# It wasn’t perfect, but Tito Ortiz stuck around for a happy ending



## No_Mercy (Oct 17, 2006)

Ultimately I think Tito was cannon fodder due to his lack of articulation. Back then he had blonde hair and today he still rocks it with the same shorts. To me that shows that he's real as much as people hate on em. 

I watched his very first fight and remember when he was beating Guy Metzger then the ref stopped it and Guy beat em with a choke. He got his revenge I believe thus starting the war with Lions Den. That's probably what he'll be best known for along with taking a beating against Chuck due to their media portraying that over and over. He actually beat some solid competition in Belfort, Wanderlei, The Janitor, Griffin, among others. I just don't think he ever got his dues cuz he was an easy person to hate on. There's no denying it though, he was a pioneer of the sport and most do not age or leave the cage/Octagon gracefully like his long time nemesis The Iceman. Good for Tito. I enjoyed watching him all these years win or lose. So long Hungtington Beach Bad Boy!

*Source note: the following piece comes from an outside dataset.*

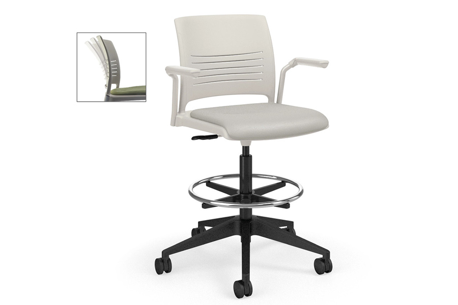 To accommodate the needs of any space, Strive task stools are available with cantilever arms to support users.

> In fighting, you don’t necessarily get just one chance to make a good last impression. You can take as many as you need, though it’s seldom advised to try and outlast your own vitality. Chuck Liddell had to have the truth pounded into him between 2008 and 2010 with three straight knockout losses, the second two (against Mauricio Rua and Rich Franklin) which were booked as if to prove the reports of his demise premature. He didn’t get a good last impression. Neither did Franklin, for that matter, who lost to Cung Le in violent fashion in 2012. And in fact, neither did Le, who was left wheezing blood in his final fight by Michael Bisping in 2014.
> 
> Somewhere at the end of a career, storied or not, competition at the highest level in fighting slips into a public form of battery. Witness what happened to B.J. Penn just a week ago. He didn’t belong in the cage with 24-year-old Yair Rodriguez, even if from a promotional standpoint wool was invented to pull over people’s eyes. The company line was that Penn wanted to return to glory.
> 
> ...


----------



## Ricardinho (Jun 6, 2009)

He had a nice carreer and was at the top of the LHW division for 3 years in the UFC. But mostly that was due to the lack of competition and when guys like Liddel and Couture started competing at that weight he came short. But still he was a remarkable person in our sport and always had an entertainment factor!


----------